Sometimes when you're on holiday you lose track of the day and time. It's been fantastic to go to sleep whenever and wake-up whenever - Clock? What is that? - but it's starting to take its toll on me. When I woke up this morning with the biggest hung-over like feeling, I realised that I cannot take this 14-16 hour sleep a day thing anymore; feeling that my age is finally creeping up on me....
Speaking of age, and how Chinese New Year is just 'round the corner, surely the relatives after the usual, "Wah Amehdah! Fat/Slim already loh!" will continue with the question, "So how old are you now arh?" thinking that surely, in their days, 24 is when they've already been wed with x number of kids. Come to think of it, my mother wed at 22 and had me by the time she was 24!

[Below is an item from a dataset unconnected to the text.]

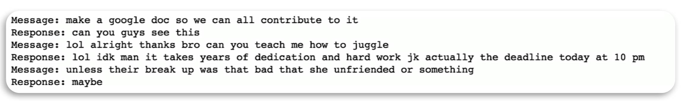 从CreateDataset中提取所有(消息、响应)对py或您自己的脚本。

It's scary. I feel old. And it's surreal to believe that I'm still at university (albeit in my final year, finally) while most of my friends are out in the real world, and hearing stories of how they are struggling with making it on their own with graduate wages, the stress of work, while at the same time, trying to juggle a social life out of the corporate office.

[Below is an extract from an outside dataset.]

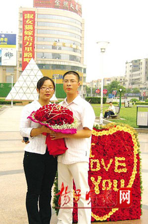 記者昨天下午趕到現場看到,“巨無霸”條幅掛在金龍大廈的東側,由于地處鬧市區,吸引了很多市民駐足圍觀。市民尹先生是“萬里路”的朋友,參與了“萬里路”特別求婚的整個“策劃”過程。他告訴記者,當天中午1時,被男友“萬里路”約到廣場的“淑女貓”,無意中看到“求愛”條幅后先是一怔,剛轉過身來,男友就像變魔術一樣捧出了大把玫瑰花,并向她單膝下跪求婚,毫無思想準備的女孩頓時激動得流下了眼淚。還沉浸在幸福當中的“淑女貓”接受記者采訪時說,她和男友是通過網絡認識的,“萬里路”“淑女貓”都是他們的網名,幾天前男友曾對她表示有件很重要的事情要和她說,當時她沒有過多在意。當天中午見到巨型條幅和999朵玫瑰花后,她感覺整個人都“蒙”了,幸福得“不知所措”、“也不知道說什么好”。

And then another close friend got married. Three other close friends were just discussing with me about marriage, and buying a home for themselves and their plus ones, and surely, surely, how they would kill me if I wasn't there for their lovely weddings wherever in the world I am at that time.
I don't see myself jumping on the marriage train anytime soon (well, I would need to find someone to marry first to begin with...) but those events have propelled me to thinking about it, and regretfully, discussing it with my mother.

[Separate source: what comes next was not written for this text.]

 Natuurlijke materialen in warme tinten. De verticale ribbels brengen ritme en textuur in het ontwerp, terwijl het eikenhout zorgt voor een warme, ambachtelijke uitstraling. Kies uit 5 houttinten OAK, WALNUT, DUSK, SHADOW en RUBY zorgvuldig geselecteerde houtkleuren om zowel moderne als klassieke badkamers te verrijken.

The mother then proceeded to tick off her fingers a list of suitable venues, themes, type of dinners that would be served, and... what kind of dress she would be wearing for the evening/tea ceremony/etc (that ridiculous but very gorgeous RM10,000 Ralph Lauren dress). Apparently someone has been thinking about it for a while...
My sister and I stared at her incredulously, and the sister then said, "Oh my, I've heard of Bridezilla, but I think we have a case of Mumzilla here."
I mumbled a reminder that I need someone to marry to begin with. What not marry, to date.
The mother with her super-sensitive but very selective hearing then replied, "Oh don't worry, if anything, we can put you in those dating service thing. You know, the one where they only allow corporate people." The sister went kekeke as she is culprit who introduced the mother to that idea from a magazine article she was reading.
There you go. Perhaps I should feel relieved that my potential future happiness lie in these dating agencies. After all, the mother has it all planned.
It's time to get my bum off and wake up early for once and do some serious jogging. 27 more days before I have to fit into that god fearing cheong-sam.